BitsFusion (original) (raw)
1Snap Inc. 2Rutgers University
NeurIPS 2024
BitsFusion compresses the UNet of Stable Diffusion v1.5 (1.72 GB, FP16) into 1.99 bits (219 MB), achieving a 7.9X compression ratio and even better performance.
Left 1: a portrait of an anthropomorphic cyberpunk raccoon smoking a cigar, cyberpunk!, fantasy, elegant, digital painting, artstation, concept art, matte, sharp focus, illustration, art by josan Gonzalez
Left 2: Pirate ship trapped in a cosmic maelstrom nebula, rendered in cosmic beach whirlpool engine, volumetric lighting, spectacular, ambient lights, light pollution, cinematic atmosphere, art nouveau style, illustration art artwork by SenseiJaye, intricate detail.
Left 3: tropical island, 8 k, high resolution, detailed charcoal drawing, beautiful hd, art nouveau, concept art, colourful, in the style of vadym meller
Left 4: anthropomorphic art of a fox wearing a white suit, white cowboy hat, and sunglasses, smoking a cigar, texas inspired clothing by artgerm, victo ngai, ryohei hase, artstation. highly detailed digital painting, smooth, global illumination, fantasy art by greg rutkowsky, karl spitzweg
Left 5: a painting of a lantina elder woman by Leonardo da Vinci . details, smooth, sharp focus, illustration, realistic, cinematic, artstation, award winning, rgb , unreal engine, octane render, cinematic light, macro, depth of field, blur, red light and clouds from the back, highly detailed epic cinematic concept art CG render made in Maya, Blender and Photoshop, octane render, excellent composition, dynamic dramatic cinematic lighting, aesthetic, very inspirational, arthouse.
Left 6: panda mad scientist mixing sparkling chemicals, high-contrast painting
Left 7: An astronaut riding a horse on the moon, oil painting by Van Gogh.
Left 8: A red dragon dressed in a tuxedo and playing chess. The chess pieces are fashioned after robots.

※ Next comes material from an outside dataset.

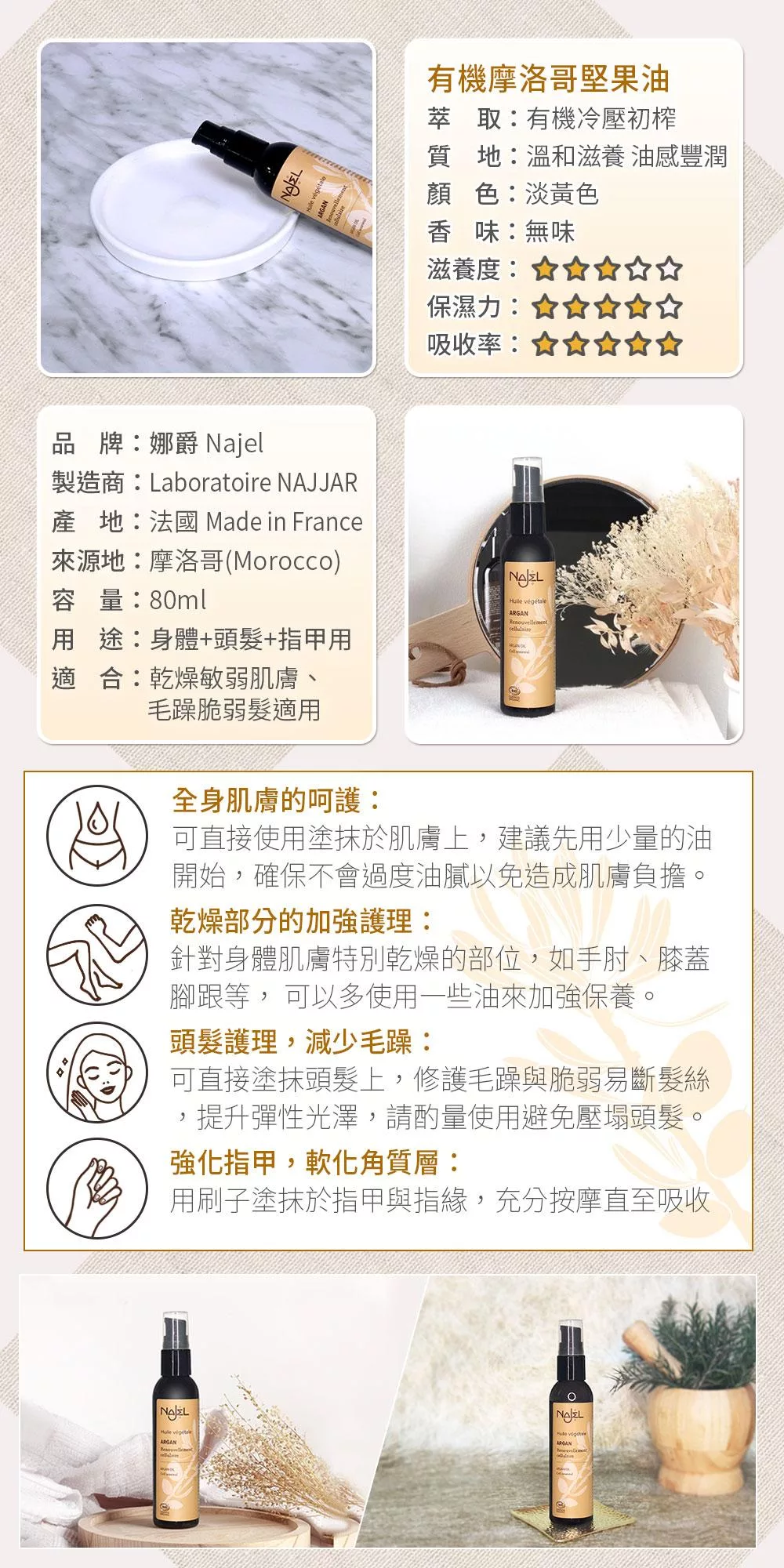 法國NAJEL有機摩洛哥堅果油80ml(身體+頭髮+指甲用)

Top: Images generated from full-precision Stable Diffusion v1.5. Bottom: Images generated from BitsFusion, where the weights of UNet are quantized into 1.99 bits, achieving 7.9X smaller storage than the one from Stable Diffusion v1.5. All the images are synthesized under the setting of using PNDM sampler with 50 sampling steps and random seed as 1024.
Abstract
Diffusion-based image generation models have achieved great success in recent years by showing the capability of synthesizing high-quality content. However, these models contain a huge number of parameters, resulting in a significantly large model size. Saving and transferring them is a major bottleneck for various applications, especially those running on resource-constrained devices. In this work, we develop a novel weight quantization method that quantizes the UNet from Stable Diffusion v1.5 to 1.99 bits, achieving a model with 7.9X smaller size while exhibiting even better generation quality than the original one. Our approach includes several novel techniques, such as assigning optimal bits to each layer, initializing the quantized model for better performance, and improving the training strategy to dramatically reduce quantization error. Furthermore, we extensively evaluate our quantized model across various benchmark datasets and through human evaluation to demonstrate its superior generation quality.
Presentation Video
Overview of Training and Inference Pipeline
Left: We analyze the quantization error for each layer in SD-v1.5 and derive the mixed-precision recipe to assign different bit widths to different layers. We then initialize the quantized UNet by adding a balance integer, pre-computing and caching the time embedding, and alternately optimizing the scaling factor. Middle: During the Stage-I training, we freeze the teacher model (i.e., SD-v1.5) and optimize the quantized UNet through CFG-aware quantization distillation and feature distillation losses, along with sampling time steps by considering quantization errors. During the Stage-II training, we fine-tune the previous model with the noise prediction. Right: For the inference stage, using the pre-cached time features, our model processes text prompts and generates high-quality images.
Benchmark Comparisons
Comparison between our 1.99-bits model vs. SD-v1.5 on various evaluation metrics with CFG scales ranging from 2.5 to 9.5.
Human Evaluation
Human evaluation comparisons between SD-v1.5 and BitsFusion. BitsFusion is favored 54.41% of the time over SD-v1.5.
More Comparisons
Hover the cursor on the images to reveal the prompts.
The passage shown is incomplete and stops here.